Highlighting the need to bring about reforms in APMC Act and streamlining of Mandi fee, the draft proposed using the DGFT field offices, Export Promotion Councils, Commodity Boards and Industry Associations to act as advocacy forum for reform by all the States.
The draft policy also talks about development of export-centric clusters, promoting value added exports through incentives, special focus on value added exports of organic products, developing uniform packaging for organic products, marketing and promotion of ‘produce in India’ through Geographical Indication (GI) registration and putting in place post-harvest infrastructure support for smooth logistical movement of agri produce.
Q5- What are the recommendations of Deepak Mohanty Committee on financial inclusion?
The Reserve Bank of India (RBI) constituted (2015) a committee under the Chairmanship of Deepak Mohanty, RBI executive director, with the objective of working out a medium-term (five-year) measurable action plan for financial inclusion. The terms of reference included reviewing the existing policy of financial inclusion, including supportive payment system and customer protection framework, taking into account the recommendations made by various committees set up earlier. The Committee also aimed at studying the cross-country experience in financial inclusion to identify key learnings, particularly in the area of technology-based delivery models, that could inform policies and practices. The committee will also suggest a monitorable medium-term plan for financial inclusion in terms of its various components like payments, deposit, credit, social security transfers, pension and insurance. It must be reminded that when this committee was formed, the government, in collaboration with banks, launched the Pradhan Mantri Jan Dhan Yojana in August 2014. Banks had opened about 167.3 million accounts till July 8, 2014. The balance in those accounts was about Rs 20,000 crore. About 51.1 per cent of these accounts were zero-balance accounts.
The Reserve Bank of India (RBI) released the Report on Medium-term Path on Financial Inclusion submitted by 14-member committee headed by RBI Executive Director Deepak Mohanty in December 2015.
- Augment the government social cash transfer in order to increase the personal disposable income of the poor. It would put the economy on a medium-term sustainable inclusion path.

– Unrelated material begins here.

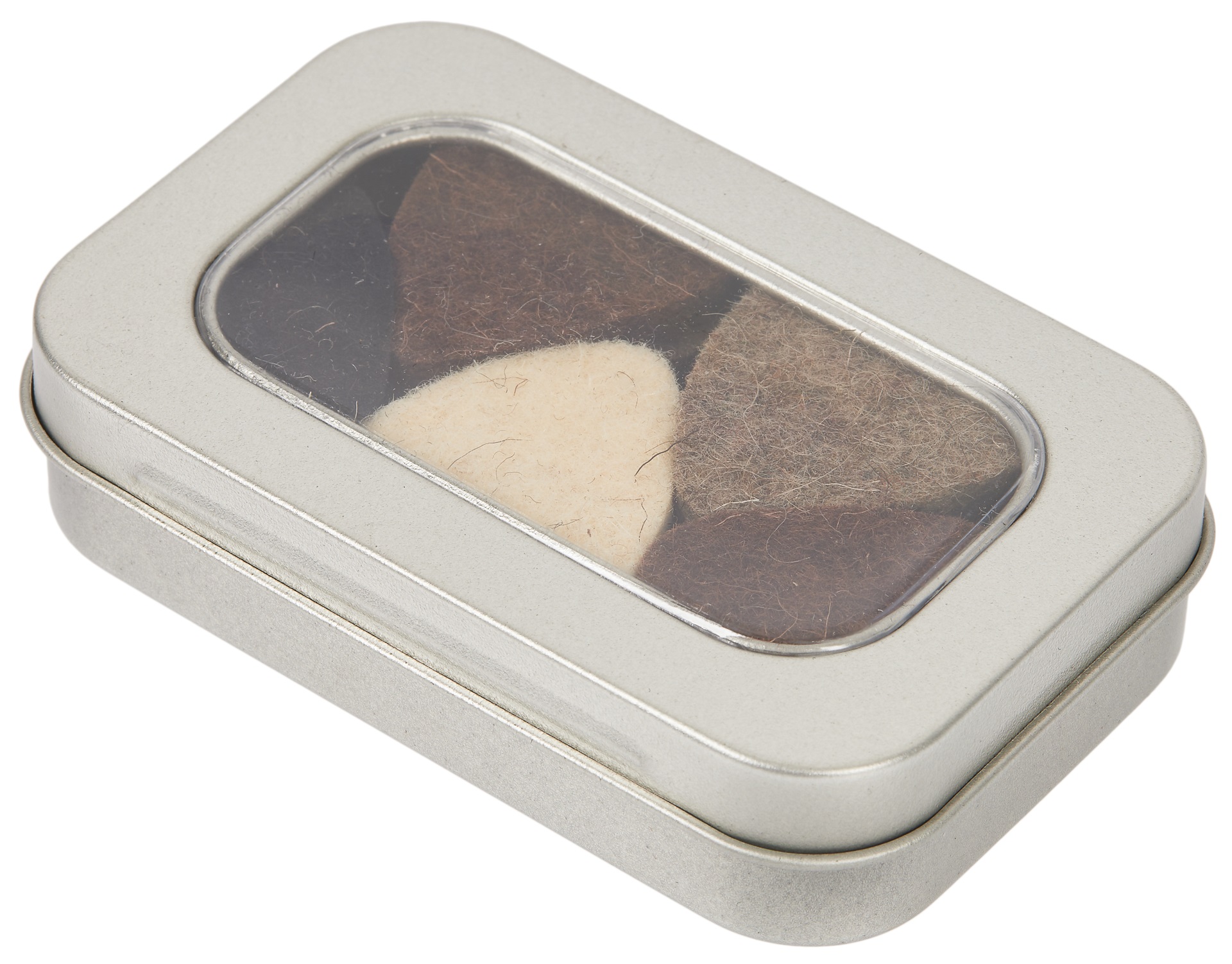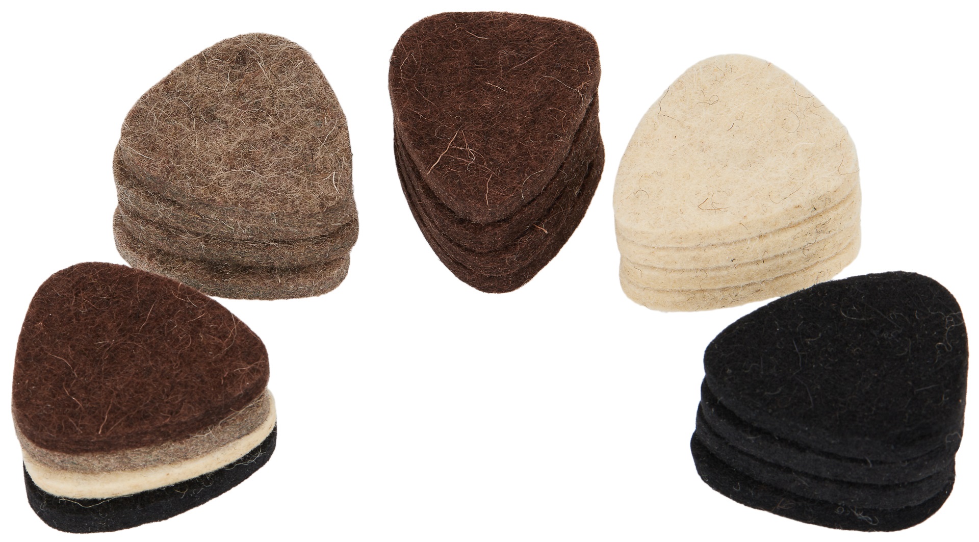 Brnkátka Sada dvadsiatich trsátok z vlnenej plsti, ktoré sú ideálne na hru na ukulele. Prírodná vlna je mäkká a poddajná, takže je jemná k nylonovým strunám a dodáva zvuku guľatý a teplý tón. V balení nájdete trsátka rôznej tvrdosti – biele majú hrúbku 4 mm, sivé 5 mm, hnedé a čierne 5 mm a sú navyše vystužené, čo zvyšuje ich tvrdosť a dodáva im jasnejší zvuk. Súčasťou balenia je praktická plechová krabička. Britská spoločnosť Timber Tones sa špecializuje na výrobu trsátok od roku 2009. Ned

- Sukanya Shiksha Scheme: Banks should make special efforts to step up account opening for females belonging to lower income group under this scheme for social cash transfer as a welfare measure.
- Aadhaar linked credit account: Aadhaar should be linked to each individual credit account as a unique biometric identifier which can be shared with with Credit information bureau to enhance the stability of the credit system and improve access.
- Mobile Technology: Bank’s traditional business model should be changed with greater reliance on mobile technology to improve ‘last mile’ service delivery.
- Digitisation of land records: It should be implemented in order to increase formal credit supply to all agrarian segments through Aadhaar-linked mechanism for Credit Eligibility Certificates (CEC).
- Nurturing self-help groups (SHGs): Corporates should be encouraged to nurture SHGs as part of Corporate Social Responsibility (CSR) initiative.
- Subsidies: Government should replace current agricultural input subsidies on fertilizers, irrigation and power by a direct income transfer scheme as part of second generation reforms.
- Agricultural interest subvention Scheme: It should be phased out.
- Crop Insurance: Government should introduce universal crop insurance scheme covering all crops starting with small and marginal farmers with monetary ceiling of Rs. 2 lakhs.
- Multiple Guarantee Agencies: Should be encouraged to provide credit guarantees in niche areas for micro and small enterprises (MSEs). It would also explore possibilities for counter guarantee and re-insurance.
- Unique identification of MSME: It should be introduced for all MSME borrowers and information from it should be shared with credit bureaus.